The remainder of this article is organized as follows. In ‘State of the art’ section, related work on visual servoing and machine learning for robot control is discussed; details on our approach will be given in ‘System’ section, and the results of our tests, both in terms of precision and speed-up, will be detailed in ‘Experiments and results’ section. Final remarks and conclusions are reported in ‘Conclusions’ section.
State of the art
In the context of IBVS, the literature shows different attempts to avoid image processing and feature tracking for increasing the processing speed. Direct visual servoing approaches addressed this issue by considering the image as a whole: the task is defined as a minimization problem between the current and the desired image. 2 An interesting alternative is represented by the introduction of new visual features based on luminance. 3 The approach called photometric visual servoing 4 is mainly based on the simple extraction of the image gradient, consequently removing any other necessity for image processing. The main drawbacks of photometric visual servoing are the strong non-linearities in the system dynamics: to address this problem, the use of photometric moments has been introduced. Moments capture the characteristics of an unknown distribution. They have been applied to image intensity in order to obtain a large convergence domain 5 and extended including spatial weights to contrast the disappearance of portions of the scene. 6 A second way to increase the convergence domain of the photometric visual servoing is to represent each intensity pixel as a Gaussian distribution extending its influence to the neighborhood. 7 The goal is to minimize the difference between the desired Gaussian mixture and the current one. Photometric and photometric moments are geometrical interpretations of a more general class of methods called kernel-based visual servoing 8 in which spatial sampling functions called ‘kernels’ are used to find so-called abstract visual features.
Another recent technique exploits mutual information, 9 defined as the quantity of information shared by two signals (images in our case) to align two images to be robust to appearance variations.

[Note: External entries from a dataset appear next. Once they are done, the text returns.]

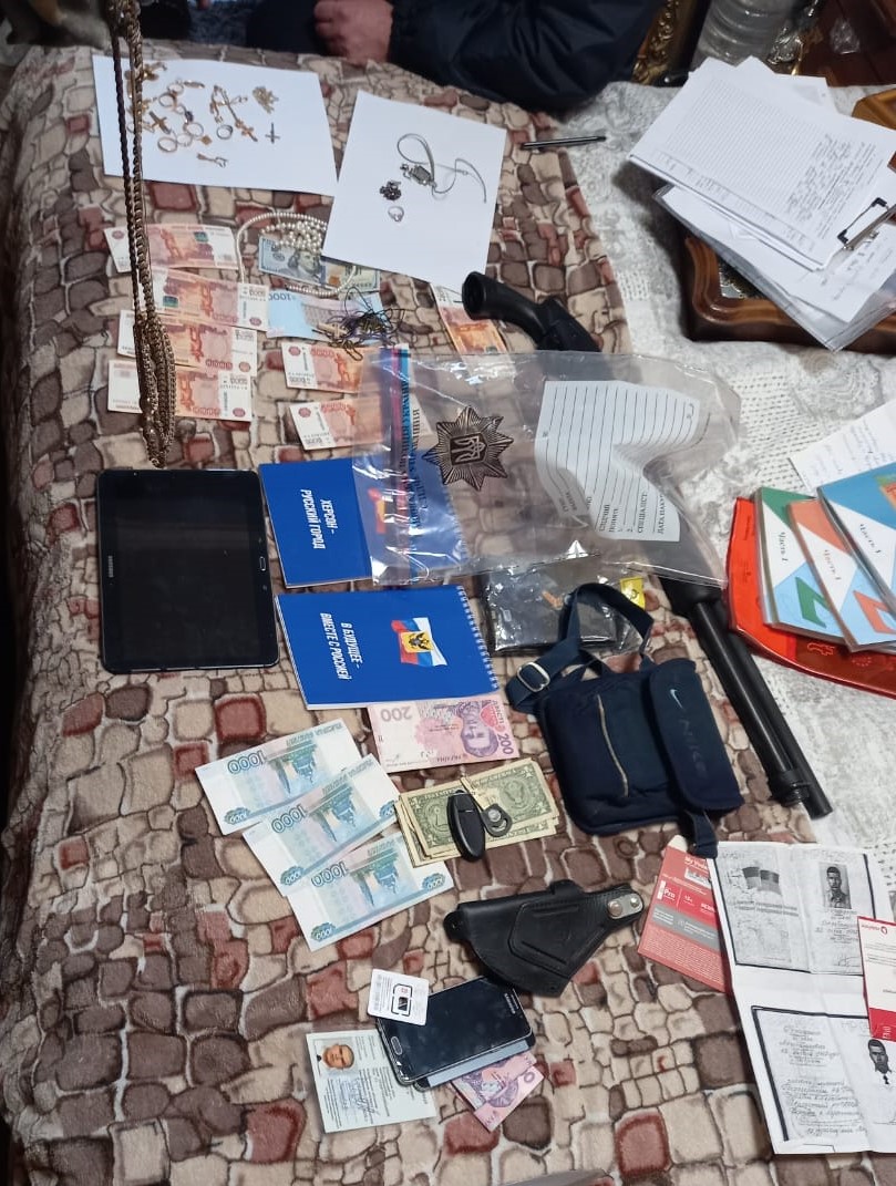 Поліцейські провели обшук за місцем проживання фігуранта, вилучили 38 тясяч російських рублів, 110 доларів США, 1000 гривень, документи, комп’ютерну техніку та записники з написом «Херсон русский город», «В будущее вместе с россией».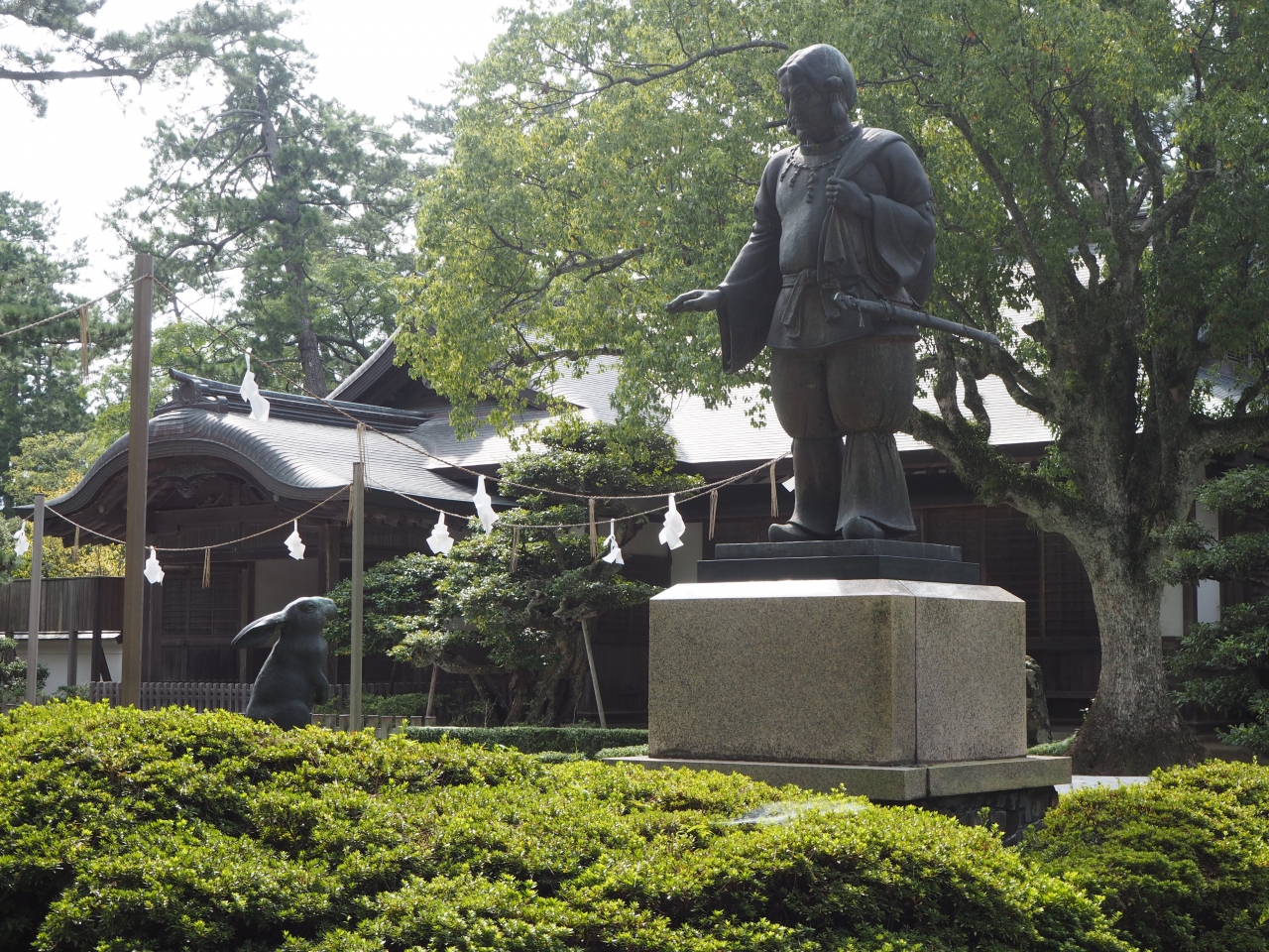 出雲大社の松の参道を歩いてきて、第4の鳥居の左側の手前の広場の場所に大国主大神とウサギの像はあります。神話の世界の話ですが...  続きを読む、因幡の白兎がワニをだましたために、ワニに皮を向かれて困っているときに、大国主大神に助けを求め、助けてもらうという話をあらわしたもののようです。ウサギの像が可愛い感じで、いたずら好き、悪いウサギには見えないです。  閉じる
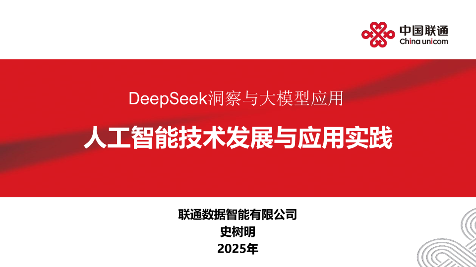 【联通数据智能有限公司】【20250324】2025年DeepSeek洞察与大模型应用-人工智能技术发展与应用实践报告-37页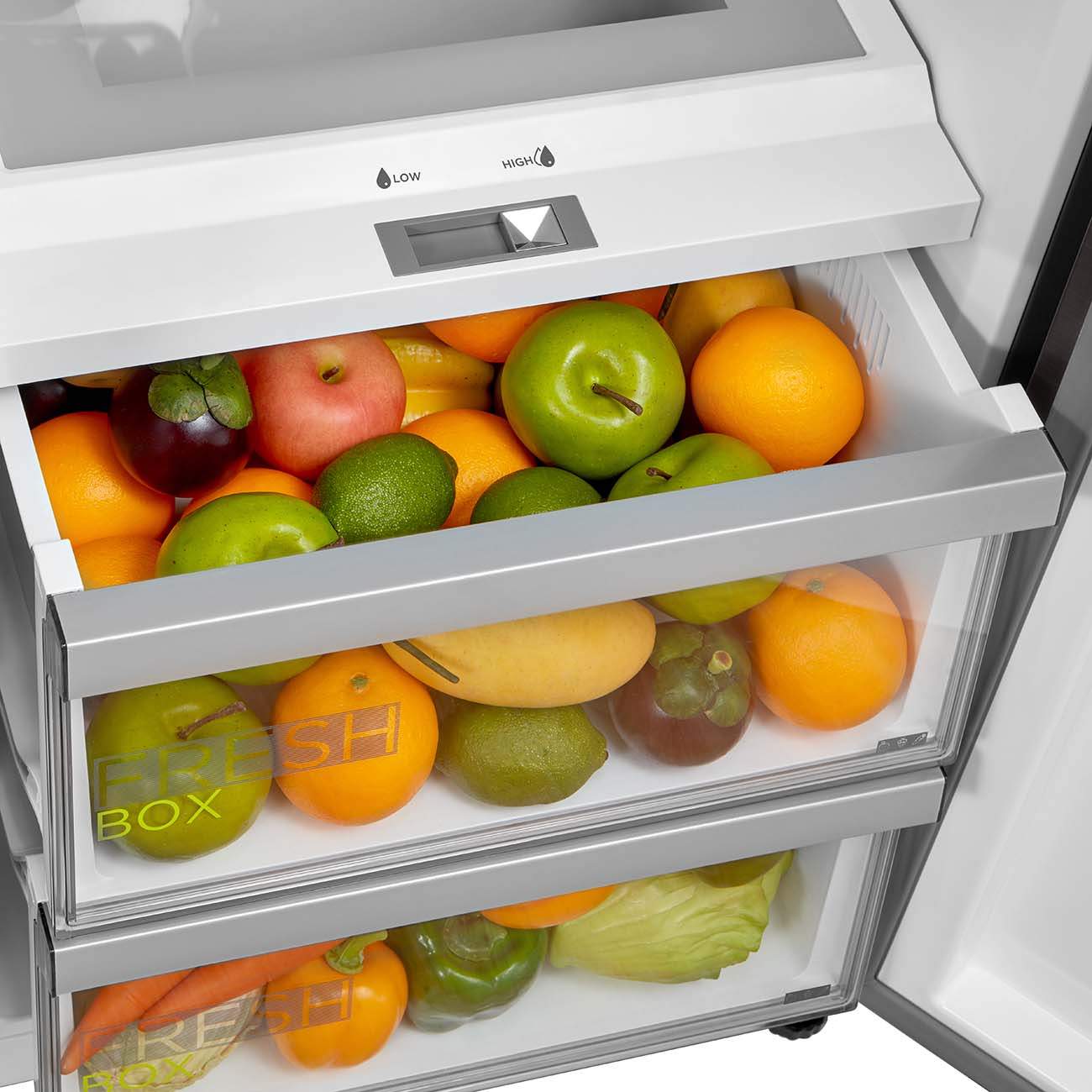 Организация пространства: 8 отделений: стеклянная полка, выдвижные корзины, большая корзина Big Box (вмещает до 14 кг), трансформируемые ёмкости Slim Space (можно использовать для пиццы), поддон для ягод.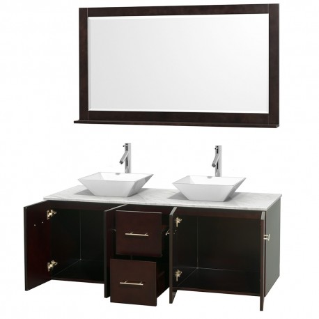 60 inch Double Bathroom Vanity in Espresso, White Carrera Marble Countertop, Pyra White Porcelain Sinks, and 58 inch Mirror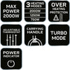 NEO 90-155 Elektromos konvektor, ventillátorral 3fokozatú, 750/1250/2000W. Kis háztartási, irodai vagy műhelyterek hatékony fűtésére tervezték. A termosztáttal kínált készülék 3 fűtési fokozatot biztosít, miközben 750 W, 1250 W és 2000 W teljesítményt nyújt. A gyors helyiségfelfűtést ventillátor segíti.A NEO TOOLS konvektoros fűtőtest praktikus teljesítményjelző lámpával és túlmelegedés elleni védelemmel rendelkezik, ami jelentősen hozzájárul a kényelemhez. A hordozófogantyúnak köszönhetően könnyen szállítható.Az 1,4 m-es kábellel ellátott NEO TOOLS konvektoros fűtőtestet univerzális felhasználhatóság és évekig tartó robosztusság jellemzi.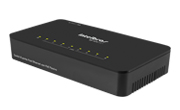 PO Switch SF 800 Q+ possui 8 portas Fast Ethernet 10/100 Mbps para compartilhamento de internet com os dispositivos conectados, enquanto sua porta LAN 1 possui suporte a PoE Passivo, que permite a alimentação do switch através do cabo de rede.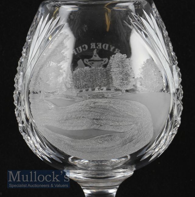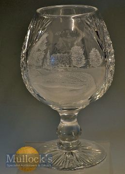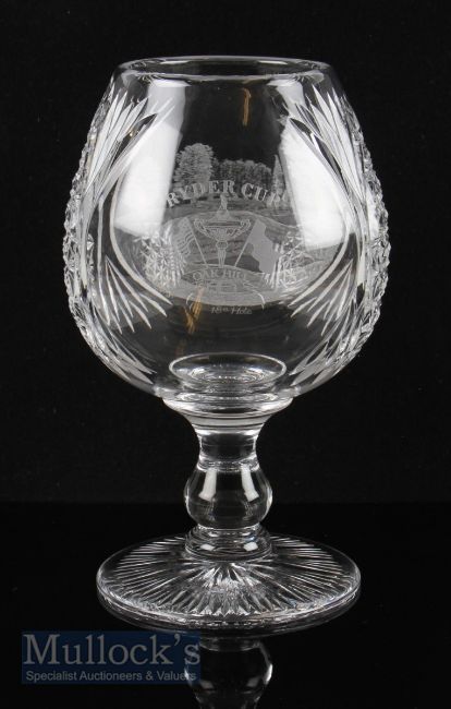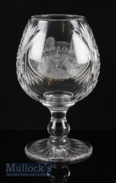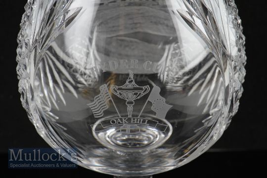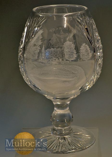 1995 Ryder Cup Large Presentation Waterford Cut Glass Brandy Goblet – beautifully etched with a view of the 18th Hole -played at Oak Hill Country Club USA – with Europe regaining the Trophy and winning for only the 2nd time on US soil – Captained by Bernard Gallacher – overall 10”h x 5” dia base– quite stunning. Note – The above is a special one off Ryder Cup Golf Items given by either The US PGA or The PGA to Players and Officials Only – quite unique item

On the contrary, our approach does not properly belong to the class of direct visual servoing. Indeed, it relies on a machine learning algorithm to model the control law implemented by a ‘traditional’ feature-based approach. The idea is very similar to the one proposed by Hafez et al., 10 where the feature tracking step has been removed by modelling image features with a Gaussian mixture. We expanded this concept by removing both image processing and feature tracking from the loop, moving to a completely different direction with respect to other works aiming at the same objective.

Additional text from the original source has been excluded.